We first ran experiments on coupled tensor completion based on CP rank in different settings. In the first experiment, we considered coupled tensors with no shared components. In this experiment, we created a tensor with CP rank $5$ in which the component vectors were nonorthogonal and generated from a normal distribution. We also created a matrix of rank $5$ and without any components in common with the tensor. Figure 2 shows that the coupled norms did not perform better than individual matrix completion using the matrix trace norm. However, for tensor completion, the coupled norm $\|\cdot\|_{(\mathrm{O},\mathrm{O},\mathrm{O})}^{1}$ had performance comparable to that of the overlapped trace norm.

We next ran experiments on coupled tensors with some components in common and with both orthogonal and nonorthogonal component vectors. We created coupled tensors with CP rank of $5$ , and both the tensor and matrix shared all components along mode $1$ . We generated the tensor with orthogonal component vectors. As shown in Figure 3, the coupled norm $\|\cdot\|_{(\mathrm{O},\mathrm{O},\mathrm{O})}^{1}$ had good performance for both the matrix and tensor.

Figure 4, we shows the performance of coupled tensors with the same rank as in the previous experiment with tensors created from nonorthogonal component vectors. Again the coupled norm $\|\cdot\|_{(\mathrm{O},\mathrm{O},\mathrm{O})}^{1}$ had better performance than individual matrix and tensor completions.

In our final experiment, we created tensors with CP rank $5$ and coupled them with a matrix of rank $10$ sharing all $5$ component vectors along mode $1$ . Figures 5 and 6 show the results for tensors created with orthogonal and nonorthogonal component vectors, respectively. In both cases, the coupled norms $\|\cdot\|_{(\mathrm{O},\mathrm{O},\mathrm{O})}^{1}$ , $\|\cdot\|_{(\mathrm{S},\mathrm{S},\mathrm{S})}^{1}$ , and $\|\cdot\|_{(\mathrm{S},\mathrm{O},\mathrm{O})}^{1}$ had better matrix completion performance than individual completion by the matrix trace norm. Similarly, as in the previous experiments, both the overlapped trace norm and the coupled norm $\|\cdot\|_{(\mathrm{O},\mathrm{O},\mathrm{O})}^{1}$ had comparable performances.

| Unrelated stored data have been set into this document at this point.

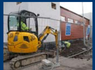
Staff working on water pipe trenches at the attractive timber clad frontage of the new Moray Hydrotherapy Pool at Forres.

they started but will need £25,000 a year to help keep it running.
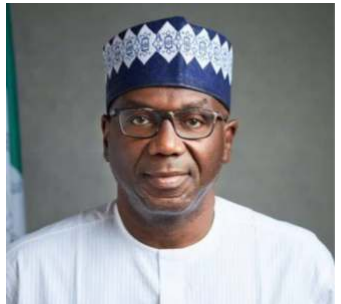
Governor, AbdulRahman AbdulRahman

He asks Allah, the Living and Everlasting, to forgive the late scholar and grant him Al-jannah Firdaus, and keep his inheritors and students on the path guidance.
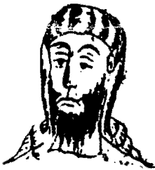
Notker Balbulus - 11 th -century drawing

One monk who lived at the Abbey of St. Gall in Switzerland turned his creative energies to helping himself and others memorize those long melodies in the early 900s. This monk, Notker Balbulus (Notker the Stutterer, ca. 840 - 912 A.D.) complained that the long melodies taxed his "little memory," and so he began to write poetry to be sung to those melodies. You will be hearing some of his poetry, known as sequences, in the second half of the program.
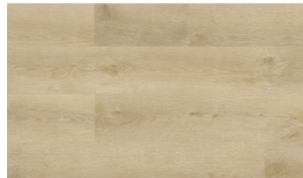
GRUNDO • 1402
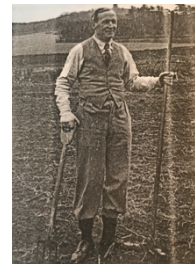
Figure 4 "Digging for Victory" The Headmaster

The Headmaster, who was himself very keen on working on the school allotments to help "Dig for Victory," encouraged the boys who stayed in Penrith over the summer to volunteer and get involved. The allotment field lay to the East of Beacon Road and despite being full of Couch Weed, was divided into working plots.
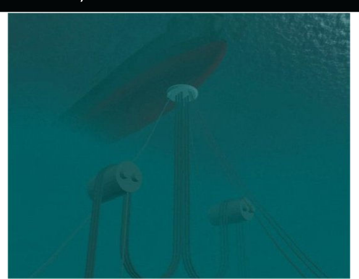
FPSO Subsea arrangement showing the risers entering the hull via the turret moonpool.

Meanwhile, the marine industry has quite a different problem. It is a requirement of the British flag that companies with UK registered ships must train a certain number of cadets - known as the tonnage tax. As the fleet of the British flag has increased in size in recent years the number of cadets in training has risen in parallel. However, job opportunities for the cadets at the end of training are limited as increasingly Ship owners and Managers turn to the cheaper labour markets of central Europe and the Far East.
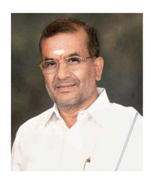
Hon'ble Shri. G. T. Devegowda Pro-Chancellor of Davangere University and the Minister for Higher Education, Government of Karnataka
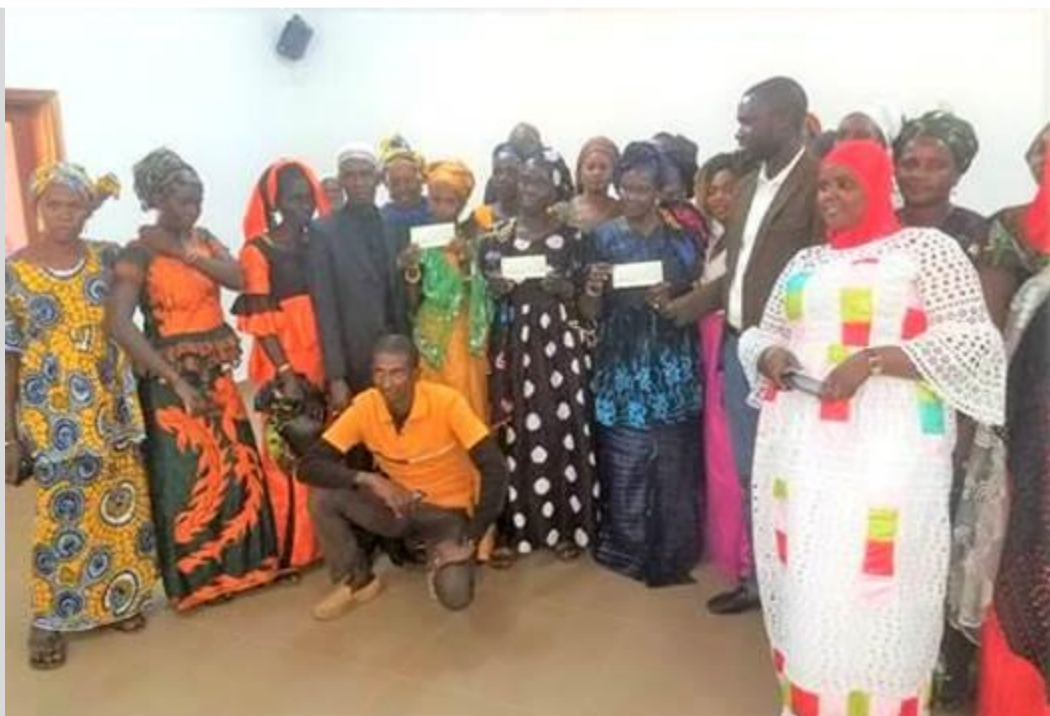
Farmers in Senegal receiving their compensations

In 2019, Senegal received a significant payout of US$ 22 m (XOF 13 bn) from African Risk Capacity (ARC) to cover losses due to crop failures resulting from the severe rainfall deficits and drought during the 2019 agricultural season. Read more
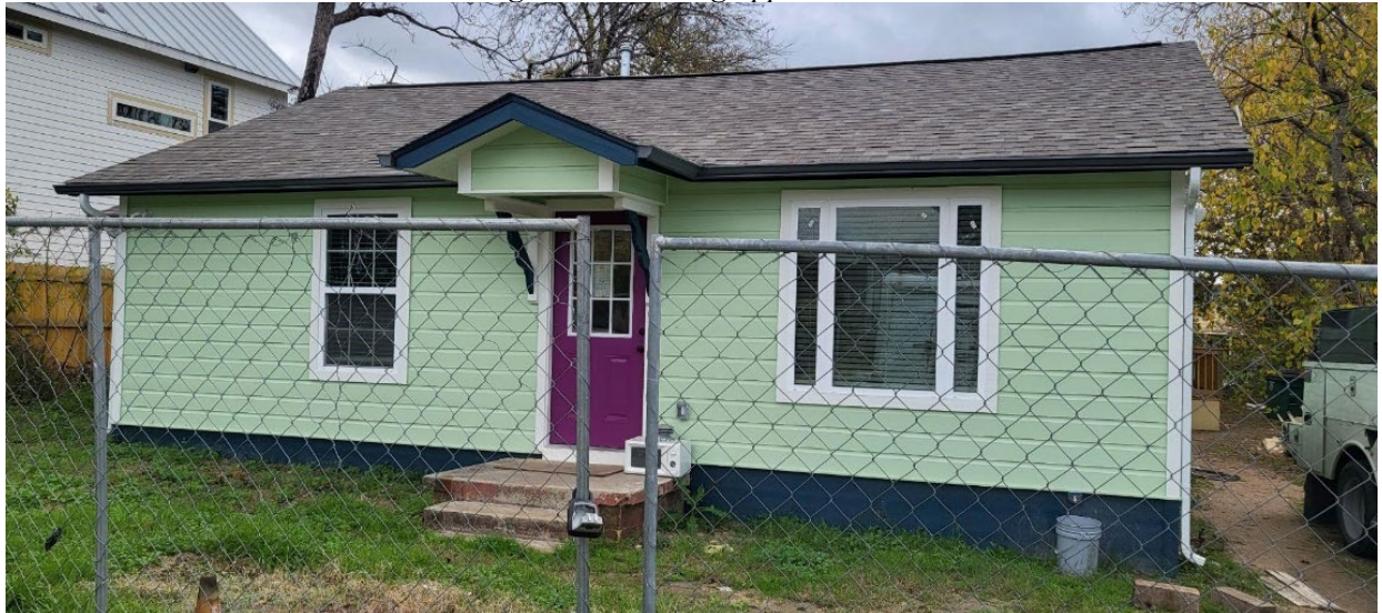
Pending historic zoning application, 2023 – back house
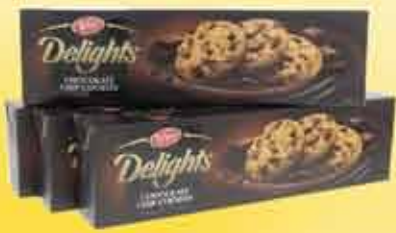
TIFFANY DELIGHT CHOCOLATE CHIP COOKIES 4X100 GM 0.895
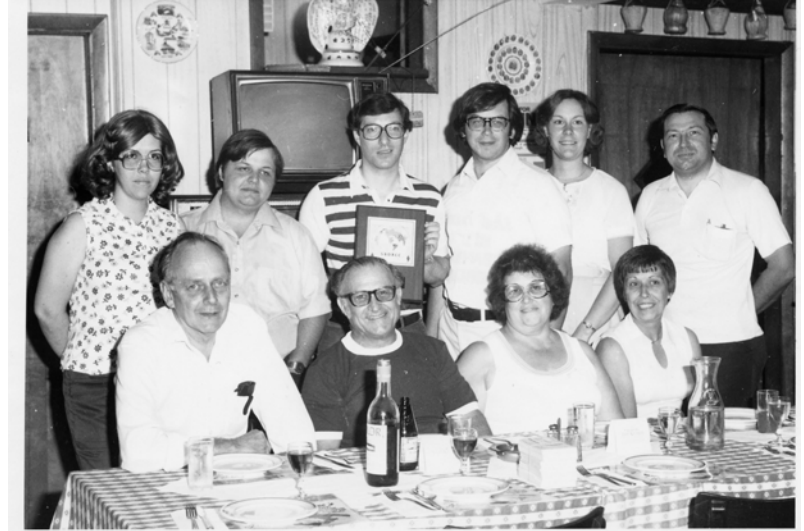
Who are these AARA members?
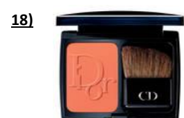
50€ Blush – Dior
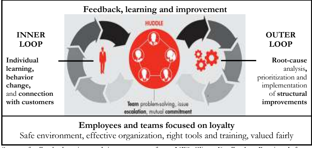
Figure 2 Net Promoter System Framework
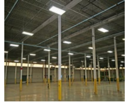
NEW T-8 LIGHTING
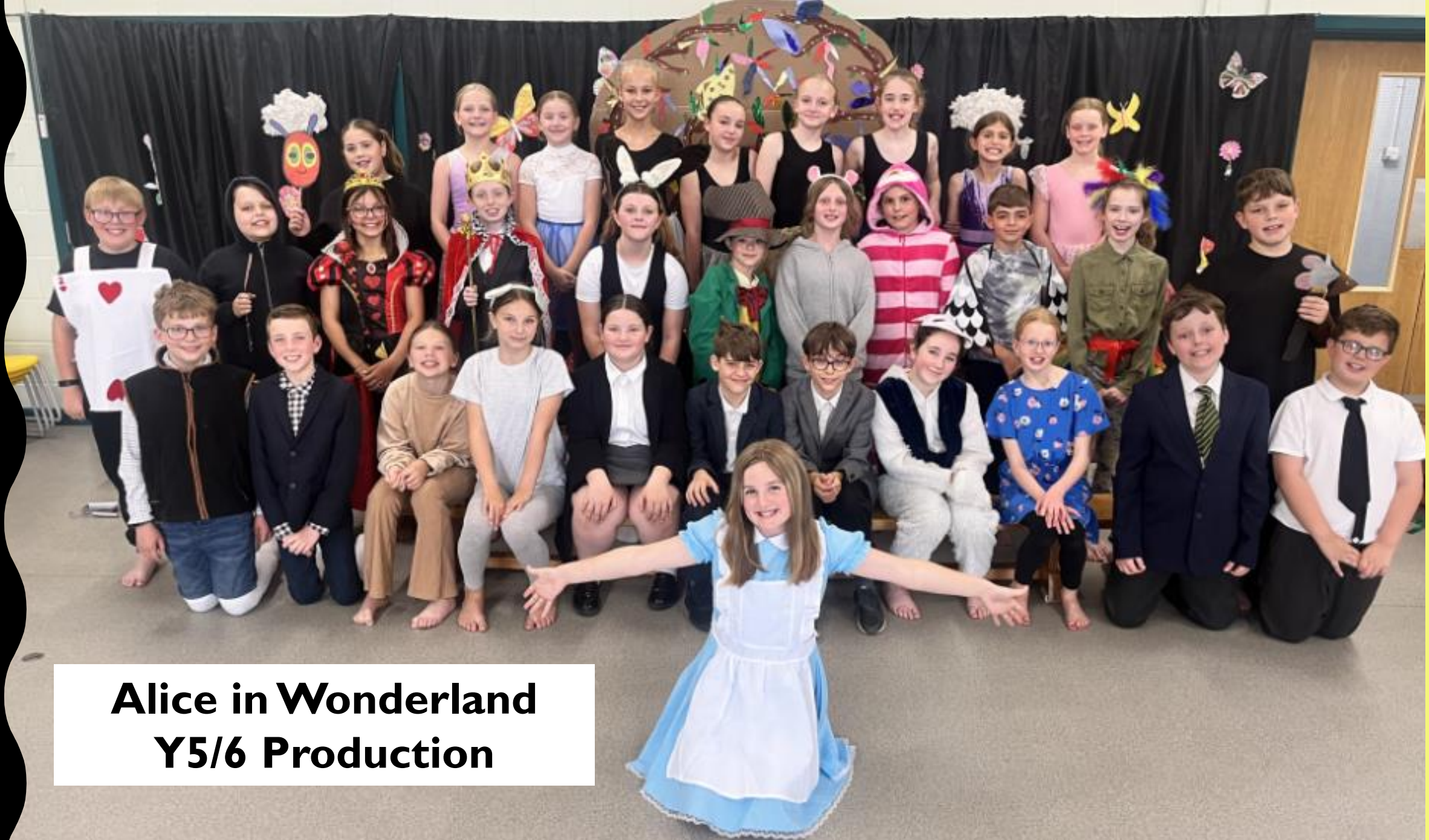
Alice in Wonderland Y5/6 Production
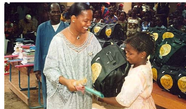
Mali has been a focus of many projects and activities to empower, educate and enable women and girls.

In the next issue we will hear from Austria, Denmark and Norway. Why not join the debate?
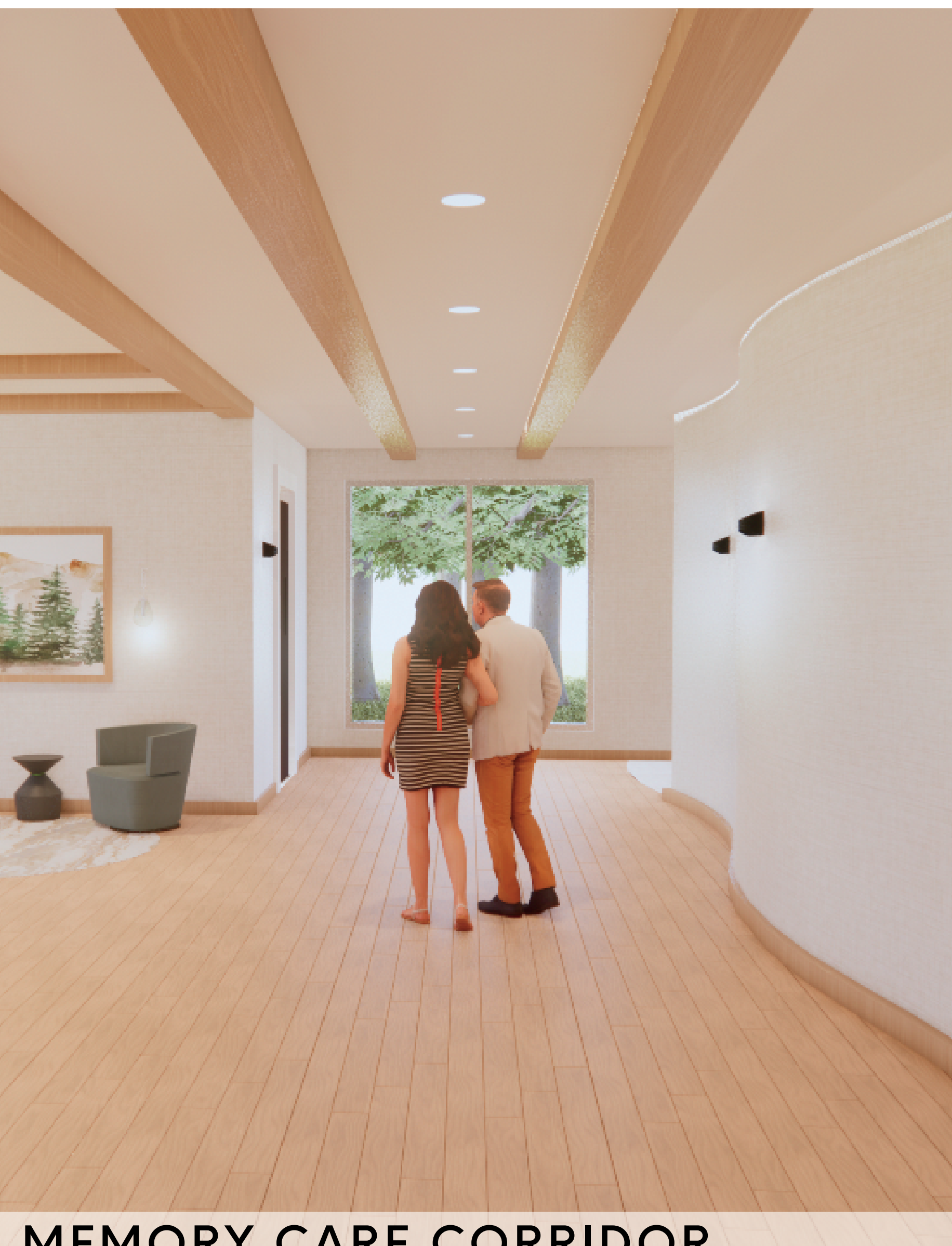
MEMORY CARE CORRIDOR

6.1.2 Simulations Using Tucker Rank

To create coupled tensors with the Tucker rank, we first generated a tensor $\mathcal{T}\in\mathbb{R}^{n_{1}\times n_{2}\times n_{3}}$ using Tucker decomposition (Kolda and Bader, 2009) as $\mathcal{T}=\mathcal{C}\times_{1}U_{1}\times_{2}U_{2}\times_{3}U_{3}$ , where $\mathcal{C}\in\mathbb{R}^{r_{1}\times r_{2}\times r_{3}}$ was the core tensor generated from a normal distribution specifying multilinear rank $(r_{1},r_{2},r_{3})$ and component matrices $U_{1}\in\mathbb{R}^{r_{1}\times p_{1}}$ , $U_{2}\in\mathbb{R}^{r_{2}\times p_{2}}$ , and $U_{3}\in\mathbb{R}^{r_{3}\times p_{3}}$ were orthogonal matrices. Next we generated a matrix that was coupled with mode $1$ of the tensor using singular value decomposition $X=USV^{\top}$ , where we specified its rank $r$ using diagonal matrix $S$ and generated matrices $U$ and $V$ as orthogonal matrices. For sharing between the matrix and the tensor, we computed $T_{(1)}=U_{n}S_{n}V^{\top}_{n}$ , and replaced the first $s$ singular values of $S$ with the first $s$ singular values of $S_{n}$ , replaced the first basis vectors $s$ of $U$ with the first $s$ basis vectors of $U_{n}$ , and computed $X=USV^{\top}$ such that the coupled structure shared $s$ common components. We also added noise sampled from a Gaussian distribution with mean zero and variance $0.01$ to the elements of the coupled tensor.

As in the synthetic experiments using the CP rank, we considered coupled structures with tensors with dimension $20\times 20\times 20$ and matrices with dimension $20\times 30$ coupled on their mode $1$ . We considered different multilinear ranks of tensors, ranks of matrices, and degrees of sharing among them. We used the same percentages in selecting the training, testing, and validation sets as we did in the CP rank experiments. We again compared our results with those of ACMTF.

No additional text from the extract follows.